SUPPLIED MATERIAL section start

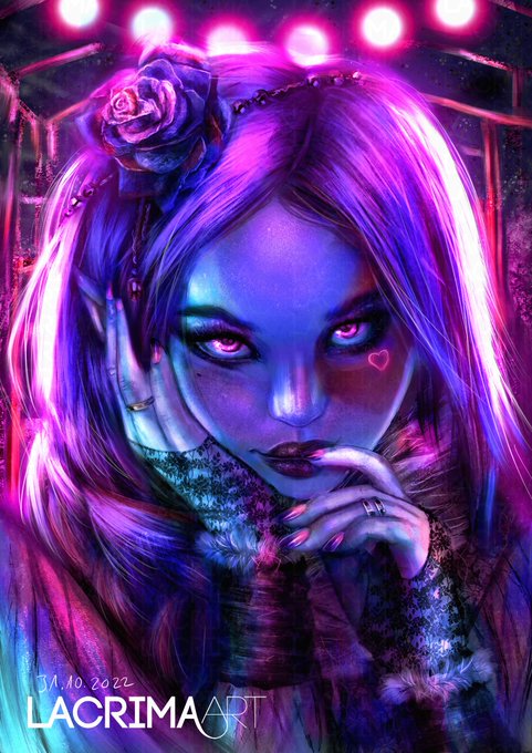 @waschbaerella Hi, I´m Lacrima. I draw a lot of fantasy and cyberpunk art. My passion are original characters, especially badass women. 🥰
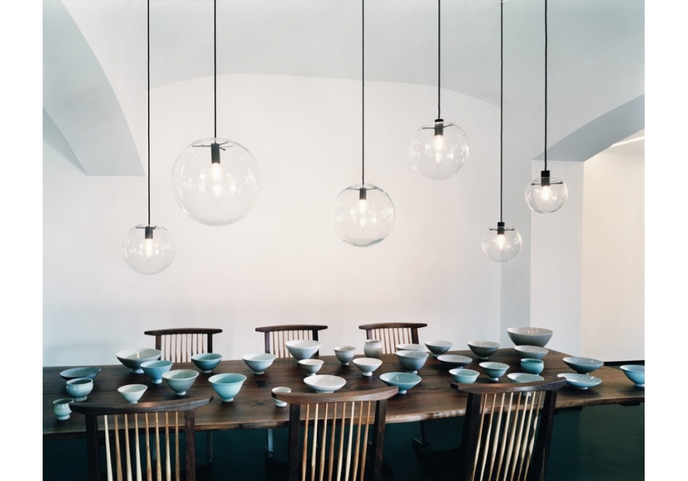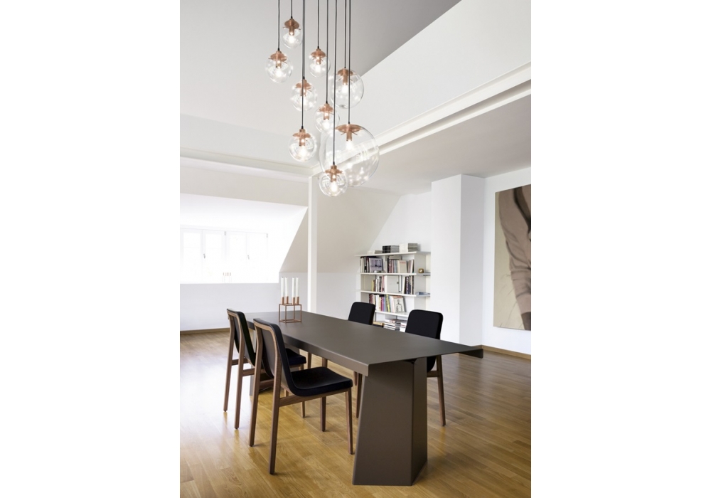 Selene von Sandra Lindner für ClassiCon entworfen, ist eine schöne Hängeleuchte mit Mundgeblasene Kristallklarglaskugel. Zentrisch aufgehängt durch einen fünfarmigen Leuchtenkopf. Insektenschutz-Abdeckscheibe und Leuchtenkopf aus Metall, schwarz lackiert oder vermessingt oder verkupfert. Schwarzes Kabel, stoffummantelt.
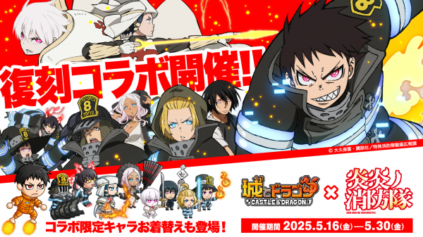 株式会社アソビズム(本社:東京都千代田区、代表取締役:大手智之)は、App Store・Google Playにて好評配信中の『城とドラゴン』で、2025年5月22日(木)より、TVアニメ『炎炎ノ消防隊』コラボイベント「リーダー腕利きGP」を開催いたします。
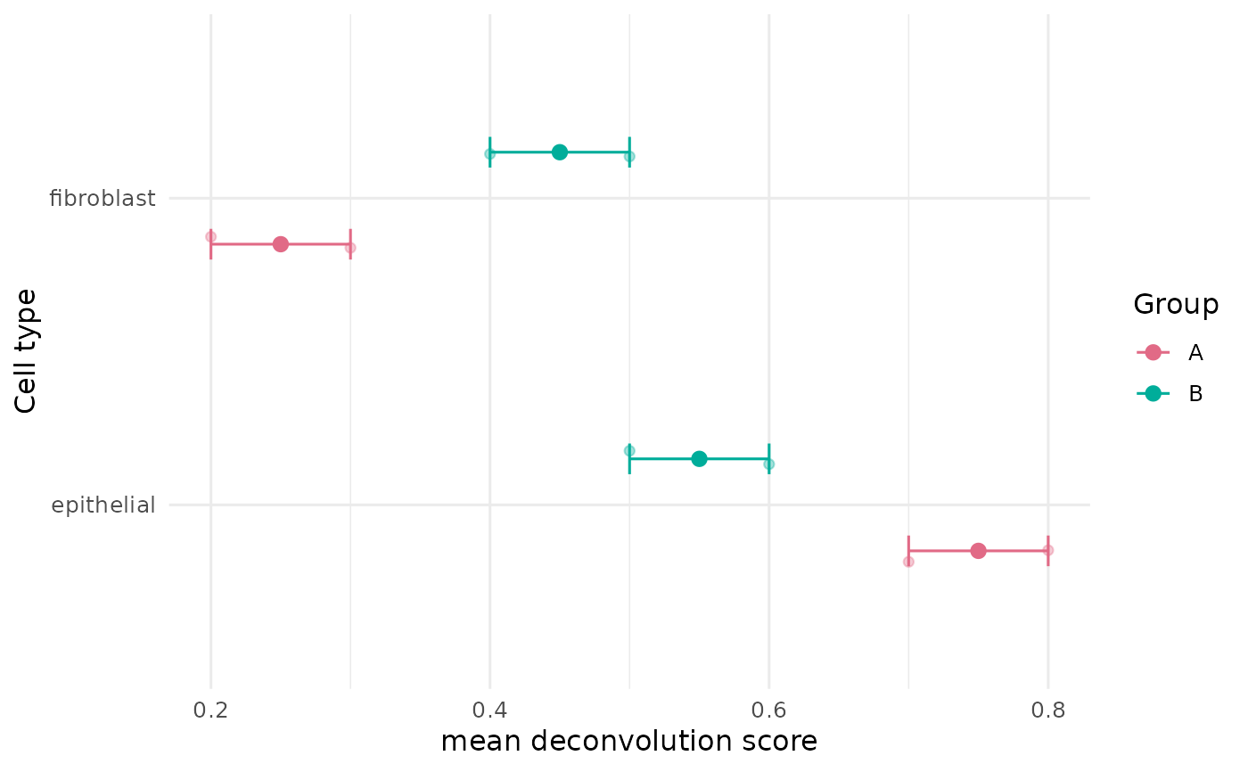 Plot group-level deconvolution scores as dot plot

SUPPLIED MATERIAL section end

# [TASK PROMPT]
Copy the listing verbatim, omitting images.

# [SOLUTION]
 @waschbaerella Hi, I´m Lacrima. I draw a lot of fantasy and cyberpunk art. My passion are original characters, especially badass women. 🥰
 Selene von Sandra Lindner für ClassiCon entworfen, ist eine schöne Hängeleuchte mit Mundgeblasene Kristallklarglaskugel. Zentrisch aufgehängt durch einen fünfarmigen Leuchtenkopf. Insektenschutz-Abdeckscheibe und Leuchtenkopf aus Metall, schwarz lackiert oder vermessingt oder verkupfert. Schwarzes Kabel, stoffummantelt.
 株式会社アソビズム(本社:東京都千代田区、代表取締役:大手智之)は、App Store・Google Playにて好評配信中の『城とドラゴン』で、2025年5月22日(木)より、TVアニメ『炎炎ノ消防隊』コラボイベント「リーダー腕利きGP」を開催いたします。
 Plot group-level deconvolution scores as dot plot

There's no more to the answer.